When it comes to fraud, it’s all about remaining undetected. To stay under the radar for as long as possible, fraud schemes require a bit of creativity. One such scheme is the Foot Bath scam, in which drug suppliers are being reimbursed thousands of dollars for the equivalent of a $25 pedicure from the nail salon down the street.

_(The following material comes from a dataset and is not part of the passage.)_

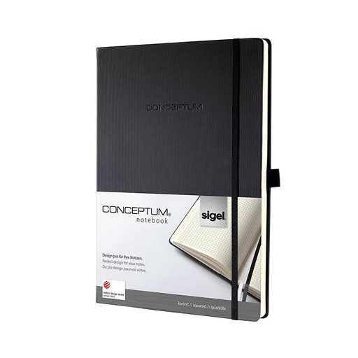 A keményfedeles "Conceptum", jegyzetfüzeteket sajátossága a klasszikus fekete, egyben modern megjelenésű "Softwave" borító. A sima, vonalas vagy kockás lapok között mindenki megtalálja a hozzá illőt. Praktikus tablet formátumban (180x240 mm) is elérhető. gumiszalagos záródás oldalán tolltartóval belül sarokzseb és archiválózseb névjegykártyatartóval dupla jelölőszalag és oldalszámozás hátulján tartalomjegyzék 194 oldal 20 perforált lap 80 g/m2 Gyártó/első EU forgalmazó elérhetősége: SIGEL GmbH Baeumenheimer Strasse 10, 86690 Mertingen, Germany sandra.geist@sigel.de www.sigel-office.com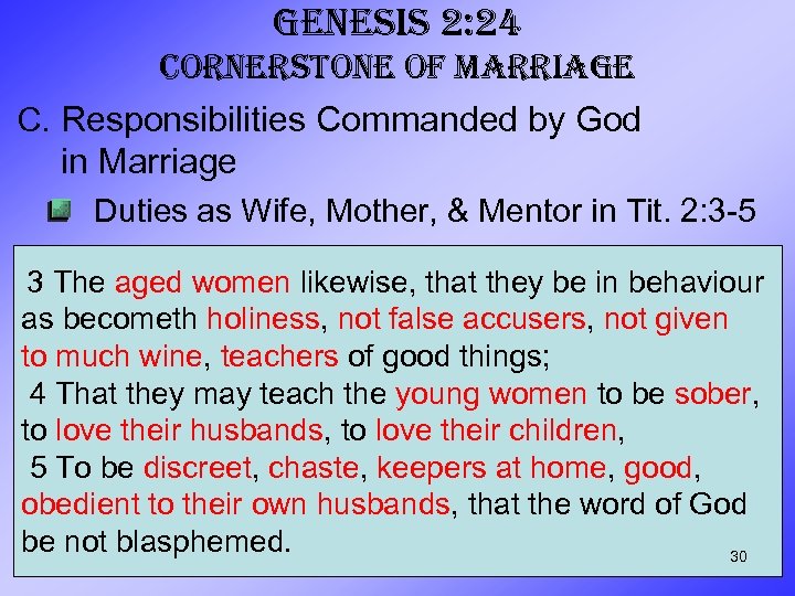 GENESIS 2: 24 CORNERSTONE OF MARRIAGE C. Responsibilities Commanded by God in Marriage Duties as Wife, Mother, & Mentor in Tit. 2: 3 -5 3 The aged women likewise, that they be in behaviour as becometh holiness, not false accusers, not given to much wine, teachers of good things; 4 That they may teach the young women to be sober, to love their husbands, to love their children, 5 To be discreet, chaste, keepers at home, good, obedient to their own husbands, that the word of God be not blasphemed. 30

The Foot Bath scam is currently targeting Medicare beneficiaries with various foot conditions including diabetic ulcers, bone infections, ingrown toenails, and cellulitis. Pharmacy owners and drug suppliers use telemarketing campaigns or online questionnaires to connect with these beneficiaries, who are rarely seeing a doctor in these scenarios. Once the drug supplier has enough medical and Medicare billing information, the beneficiaries are signed up for the foot bath service. They are prescribed a cocktail of expensive drugs including vancomycin, enconazole cream, and lidocaine that (without Medicare’s knowledge) they are instructed to mix into a foot bath. In most scenarios, the drugs are auto-shipped to them with no way to opt out. This service costs on average $8,000 per month.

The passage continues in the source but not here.